— WORK ORDER —
Your answer must be the full listing, word for word, with no images in it.

— AVAILABLE DATA —

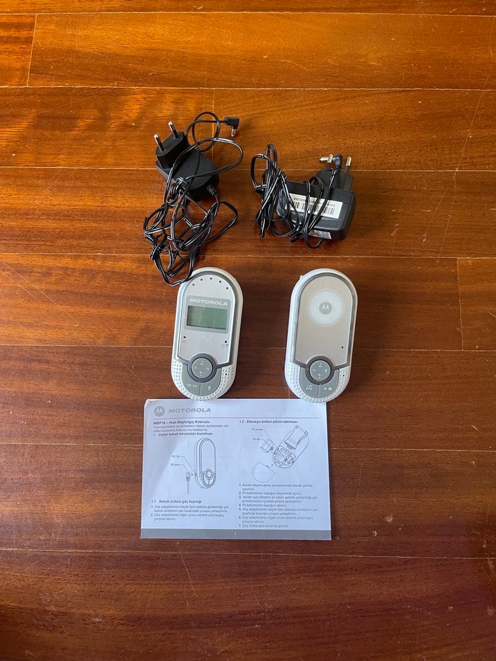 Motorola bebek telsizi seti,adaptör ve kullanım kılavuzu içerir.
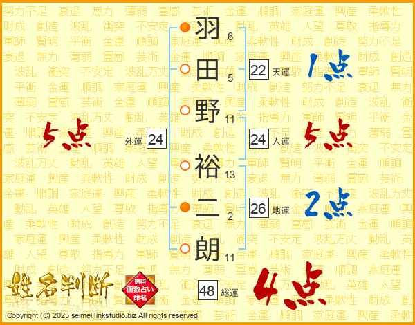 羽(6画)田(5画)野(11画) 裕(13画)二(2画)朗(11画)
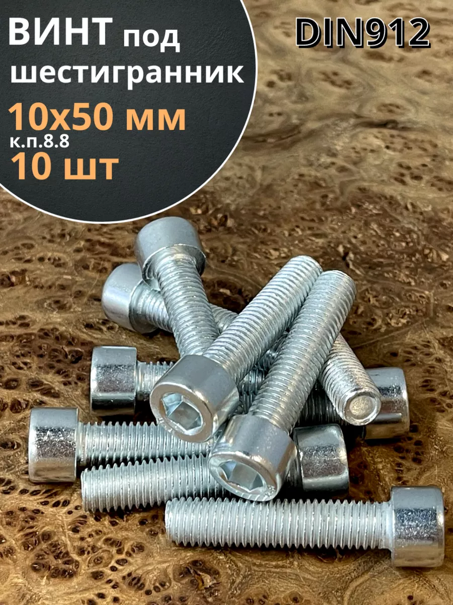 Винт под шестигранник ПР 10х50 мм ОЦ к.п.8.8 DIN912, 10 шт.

— RESPONSE —
 Motorola bebek telsizi seti,adaptör ve kullanım kılavuzu içerir.
 羽(6画)田(5画)野(11画) 裕(13画)二(2画)朗(11画)
 Винт под шестигранник ПР 10х50 мм ОЦ к.п.8.8 DIN912, 10 шт.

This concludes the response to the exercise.